South Korea announced plans to open its currency market for 24-hour trading starting in July 2026, marking a major step toward internationalizing the won and seeking an upgrade to developed-market status from Morgan Stanley Capital International (MSCI). The move is part of a broader effort by the South Korean government to enhance financial market accessibility and attract global investment.


Roadmap for FX Market Internationalization

Vice Finance Minister Lee Hyoung-il said the government will release a roadmap in the first half of 2026 to improve the won’s accessibility and boost demand through measures such as offshore won financing.

Key initiatives include:

  • Extending trading hours to 24/7 FX trading.
  • Loosening reporting requirements for market participants.
  • Simplifying the registration process for both domestic and foreign traders.
  • Enhancing cross-border payment settlements and overseas financing.

Currently, the dollar-won market operates for just six-and-a-half hours daily, and direct dollar transactions are restricted to two domestic interbank networks. Expanding trading hours and easing regulations aim to increase liquidity and align South Korea’s FX market with global standards.


MSCI Developed-Market Upgrade

South Korea’s restricted currency-trading regime has historically prevented MSCI from upgrading it from an emerging market to a developed market. MSCI cites the limited accessibility of the won as a key impediment.

President Lee Jae Myung has prioritized the upgrade as part of his economic policy agenda, following reforms and tax measures introduced since taking office in June 2025. These market reforms underpin the KOSPI stock index rally, which surged 76% in 2025, marking its strongest performance since 1999.


Stock Market and Currency Performance

  • The won reached its weakest levels since 2009 during 2025 but rebounded sharply in December, gaining 2.3% after market-stabilizing measures were implemented.
  • Efforts to improve short-selling regulations, increase corporate disclosure in English, and simplify securities transactions were included in the FX and stock market upgrade roadmap.

These initiatives aim to boost investor confidence, particularly from foreign institutions, and align South Korea’s capital markets with international standards.

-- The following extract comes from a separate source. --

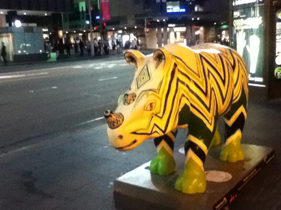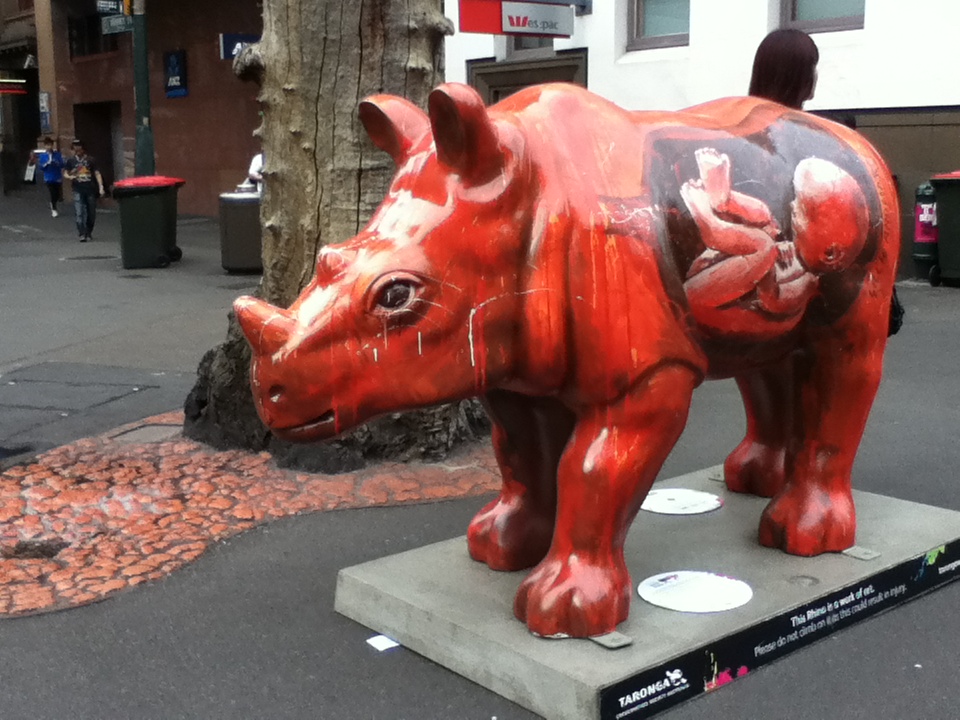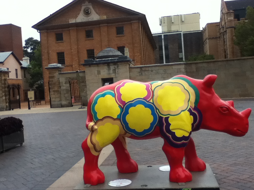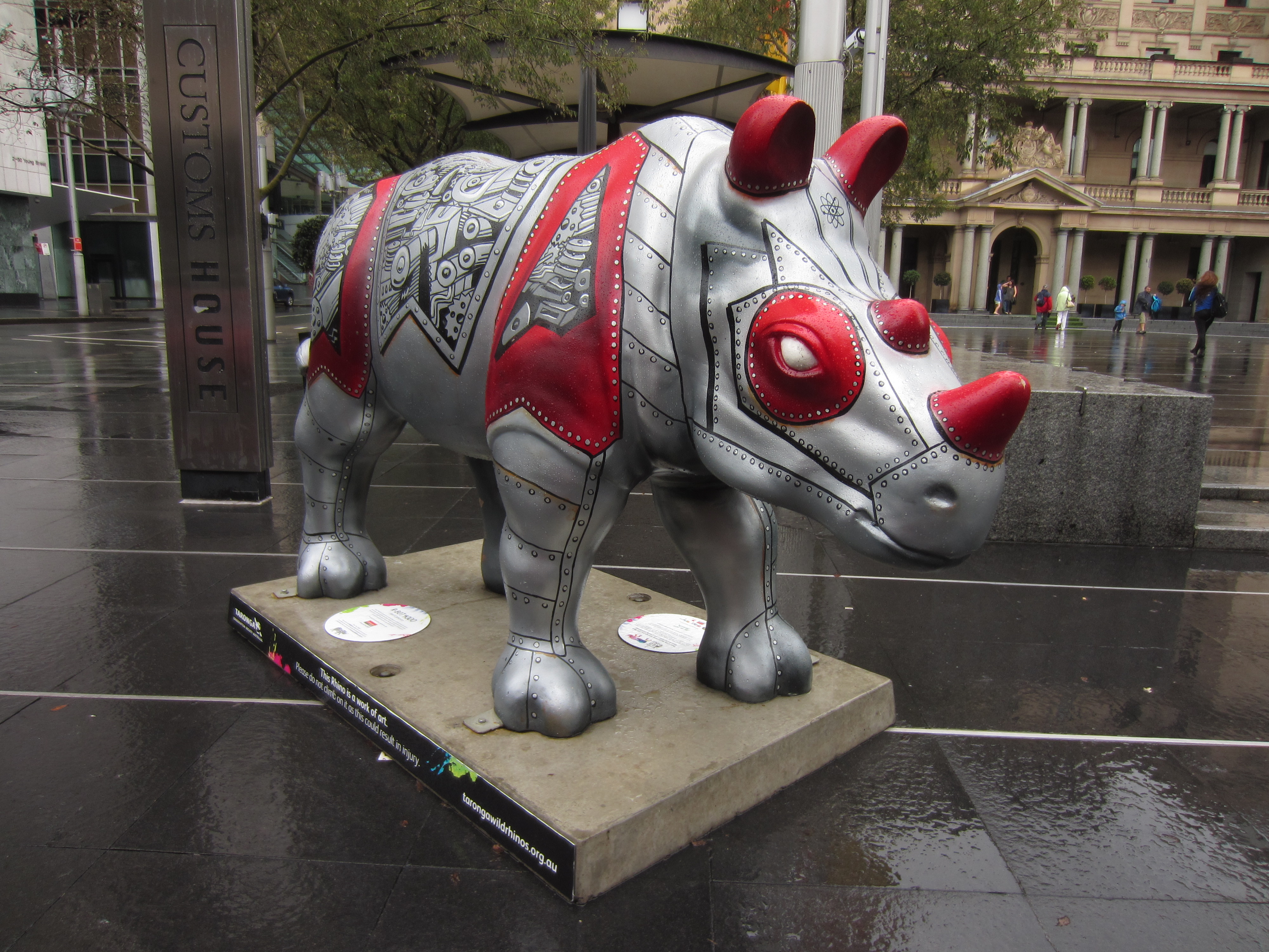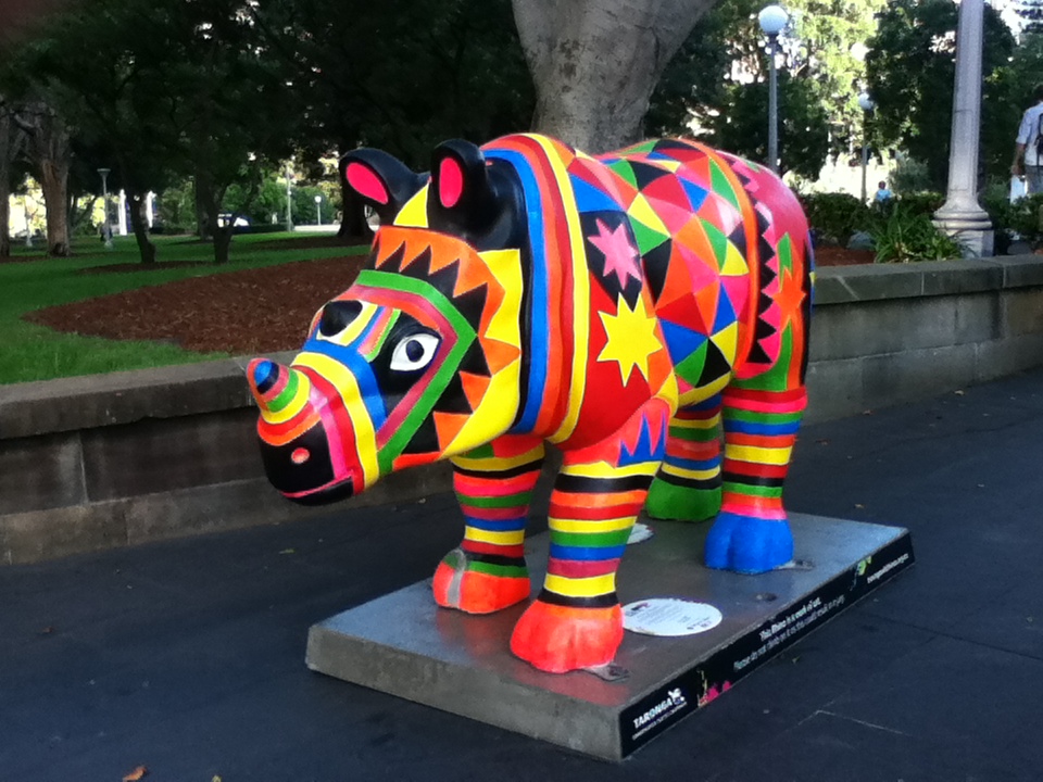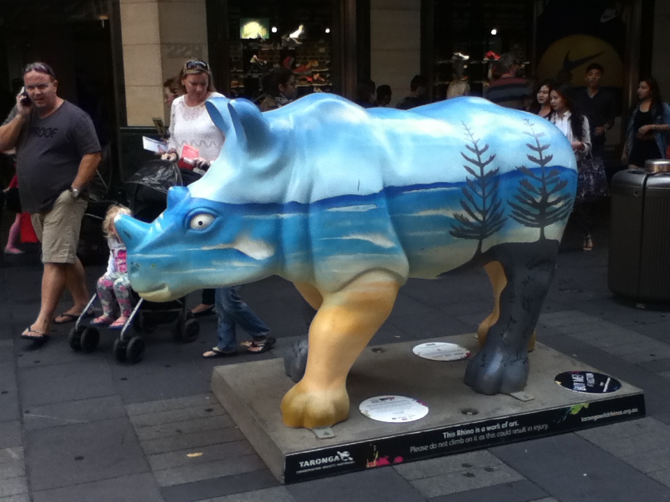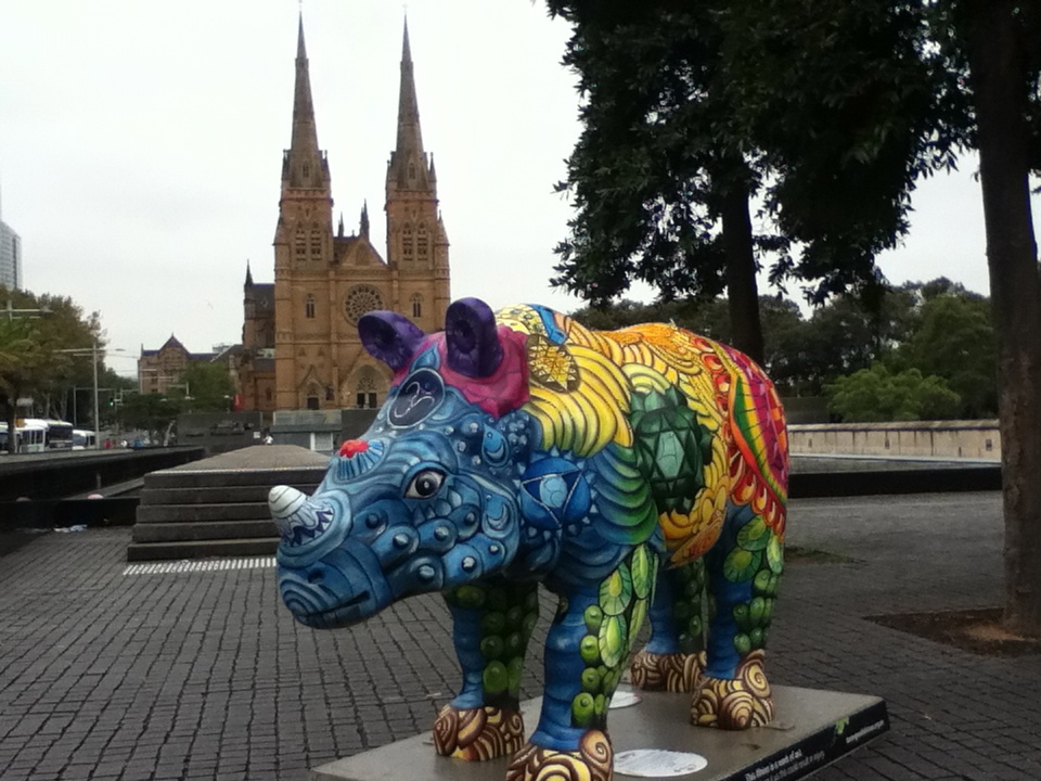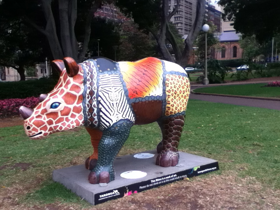 Colourful rhino sculptures started appearing all around Sydney one day. There were Opera house rhinos, Circular Quay rhinos, Botanic Garden rhinos. Some were brightly coloured and dazzling geometric designs, others were painted as robots, some were covered in gold, and others were calming beach landscapes.
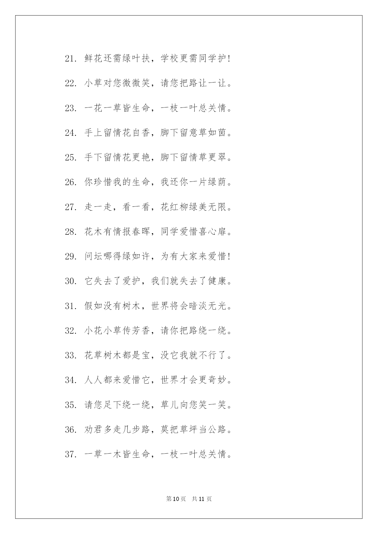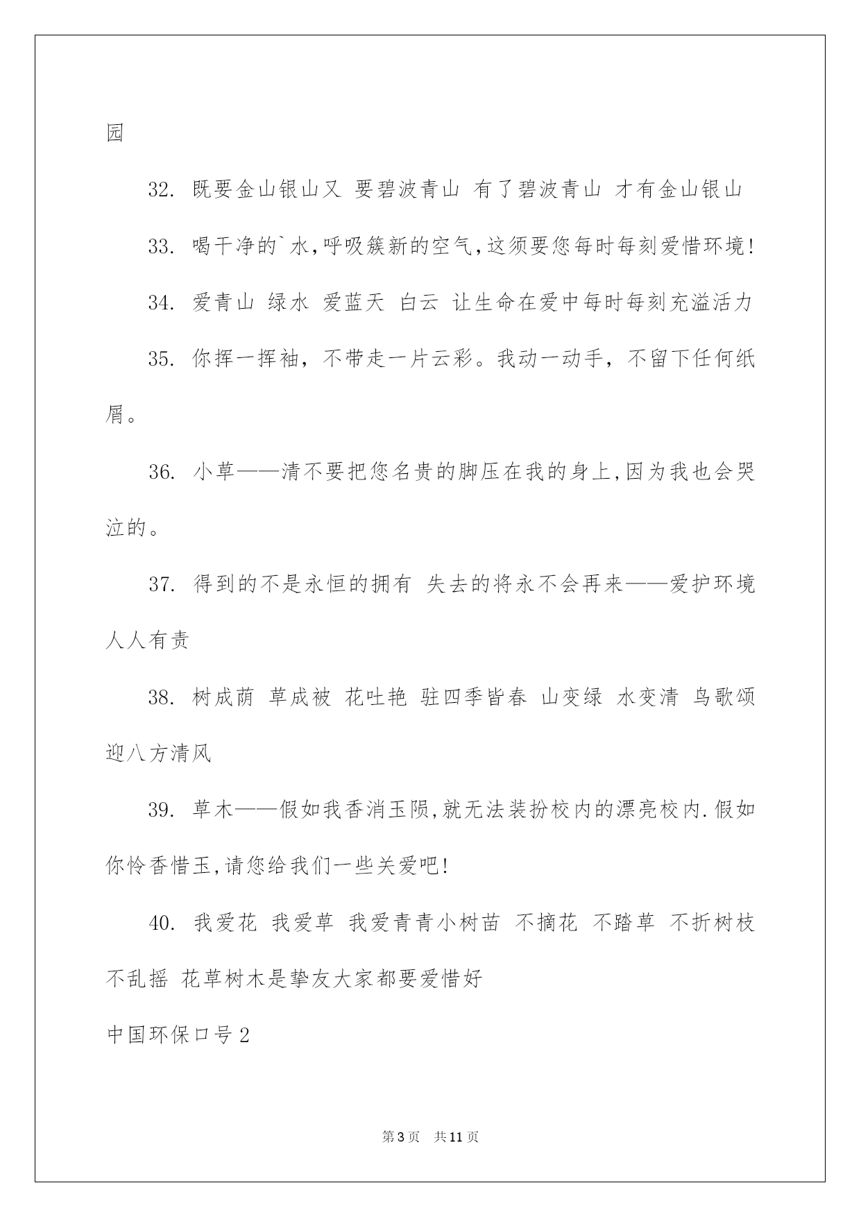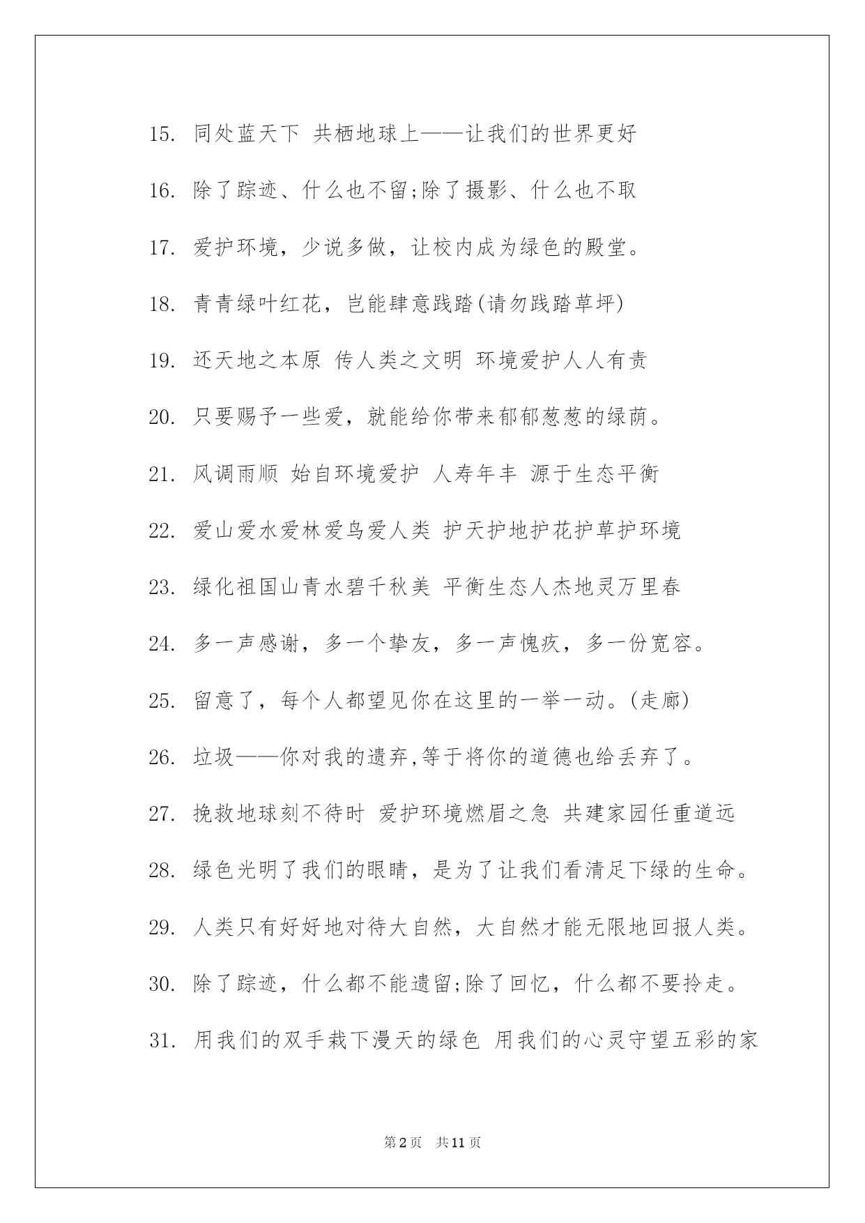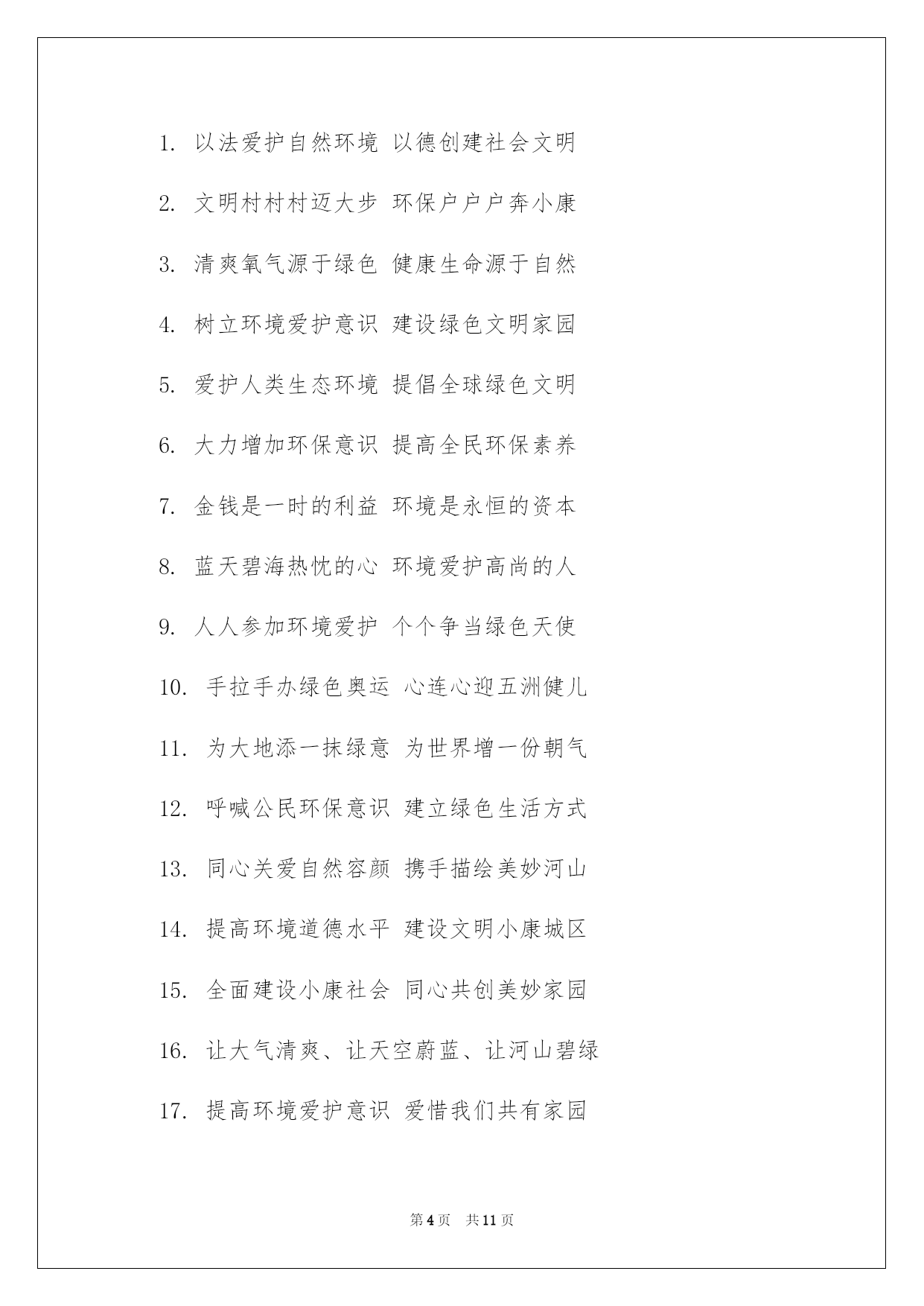 第PAGE\*Arabic\*MERGEFORMAT11页共NUMPAGES\*Arabic\*MERGEFORMAT11页第PAGE\*MERGEFORMAT11页共NUMPAGES\*MERGEFORMAT11页第PAGE\*MERGEFORMAT11页共NUMPAGES\*MERGEFORMAT11页第PAGE\*MERGEFORMAT11页共NUMPAGES\*MERGEFORMAT11页第PAGE\*MERGEFORMAT11页共NUMPAGES\*MERGEFORMAT11页第PAGE\*MERGEFORMAT11页共NUMPAGES\*MERGEFORMAT11页第PAGE\*MERGEFORMAT11页共NUMPAGES\*MERGEFORMAT11页第PAGE\*MERGEFORMAT11页共NUMPAGES\*MERGEFORMAT11页第PAGE\*MERGEFORMAT11页共NUMPAGES\*MERGEFORMAT11页第PAGE\*MERGEFORMAT11页共NUMPAGES\*MERGEFORMAT11页第PAGE\*MERGEFORMAT11页共NUMPAGES\*MERGEFORMAT11页2022中国环保口号中国环保口号中国环保口号11.心系人类命运营造生命绿洲——中国环保2.绿色世界你我共创清爽气息大家共享3.漂亮的心灵须要塑造美丽的环境须要爱护4.全面建设小康社会切实走可持续发展之路5.花儿以花香回报我们,我们只需脚下留情。6.爱护环境从我做起,爱惜学校从学生做起。7.爱护环境谁受益造福子孙我为先人人自律8.轻轻地我走了,正如我轻轻地来。(图书馆)9.花香阵阵,鸟鸣声声。琅琅书声,浓浓情深。10.小草青青,花香飘飘;青草鲜花,应当疼惜。11.鸟儿渴望干净的天空,人类渴望绿色的家园。12.不图自己“顺便”,且为绿色校内行个便利。13.追求环保是你我的心愿参加环保是你我的责任14.“取之思尽、用之思绝”请珍惜我们有限的资源15.同处蓝天下共栖地球上——让我们的世界更好16.除了踪迹、什么也不留;除了摄影、什么也不取17.爱护环境,少说多做,让校内成为绿色的殿堂。18.青青绿叶红花,岂能肆意践踏(请勿践踏草坪)19.还天地之本原传人类之文明环境爱护人人有责20.只要赐予一些爱,就能给你带来郁郁葱葱的绿荫。21.风调雨顺始自环境爱护人寿年丰源于生态平衡22.爱山爱水爱林爱鸟爱人类护天护地护花护草护环境23.绿化祖国山青水碧千秋美平衡生态人杰地灵万里春24.多一声感谢,多一个挚友,多一声愧疚,多一份宽容。25.留意了,每个人都望见你在这里的一举一动。(走廊)26.垃圾——你对我的遗弃,等于将你的道德也给丢弃了。27.挽救地球刻不待时爱护环境燃眉之急共建家园任重道远28.绿色光明了我们的眼睛,是为了让我们看清足下绿的生命。29.人类只有好好地对待大自然,大自然才能无限地回报人类。30.除了踪迹,什么都不能遗留;除了回忆,什么都不要拎走。31.用我们的双手栽下漫天的绿色用我们的心灵守望五彩的家园32.既要金山银山又要碧波青山有了碧波青山才有金山银山33.喝干净的`水,呼吸簇新的空气,这须要您每时每刻爱惜环境!34.爱青山绿水爱蓝天白云让生命在爱中每时每刻充溢活力35.你挥一挥袖,不带走一片云彩。我动一动手,不留下任何纸屑。36.小草——清不要把您名贵的脚压在我的身上,因为我也会哭泣的。37.得到的不是永恒的拥有失去的将永不会再来——爱护环境人人有责38.树成荫草成被花吐艳驻四季皆春山变绿水变清鸟歌颂迎八方清风39.草木——假如我香消玉陨,就无法装扮校内的漂亮校内.假如你怜香惜玉,请您给我们一些关爱吧!40.我爱花我爱草我爱青青小树苗不摘花不踏草不折树枝不乱摇花草树木是挚友大家都要爱惜好中国环保口号21.以法爱护自然环境以德创建社会文明2.文明村村村迈大步环保户户户奔小康3.清爽氧气源于绿色健康生命源于自然4.树立环境爱护意识建设绿色文明家园5.爱护人类生态环境提倡全球绿色文明6.大力增加环保意识提高全民环保素养7.金钱是一时的利益环境是永恒的资本8.蓝天碧海热忱的心环境爱护高尚的人9.人人参加环境爱护个个争当绿色天使10.手拉手办绿色奥运心连心迎五洲健儿11.为大地添一抹绿意为世界增一份朝气12.呼喊公民环保意识建立绿色生活方式13.同心关爱自然容颜携手描绘美妙河山14.提高环境道德水平建设文明小康城区15.全面建设小康社会同心共创美妙家园16.让大气清爽、让天空蔚蓝、让河山碧绿17.提高环境爱护意识爱惜我们共有家园18.小草给我一片绿,我给

Economic Growth and Sector Support

The Ministry of Economy and Finance forecasts stronger growth in 2026, projecting:

  • GDP growth: 2.0% (up from 1.8% in August), following 1.0% in 2025.
  • Inflation: 2.1%, same as 2025.
  • Exports growth: 4.2%, led by semiconductor demand for AI investment, despite U.S. trade tariffs.

The ministry plans targeted support for key industries:

  • Semiconductors: Five-year plan with financial, tax, and regulatory support.
  • Defense, biopharmaceutical, petrochemical, and steel: Ongoing policy support.
  • Shipbuilding and nuclear energy: Boosted via the $350 billion U.S. trade deal investment package.
  • Domestic manufacturing: Tax incentives to counter weakening due to overseas investments.

The government also aims to position South Korea among the world’s top three AI powers, enhancing long-term economic growth potential.


Key Takeaways

  • South Korea to allow 24-hour FX trading starting July 2026.
  • Reforms aim to internationalize the won and attract global investors.
  • MSCI upgrade to developed-market status is a major policy goal.
  • KOSPI surged 76% in 2025, supported by market reforms.
  • Government pledges continued support for semiconductors, AI, defense, and manufacturing.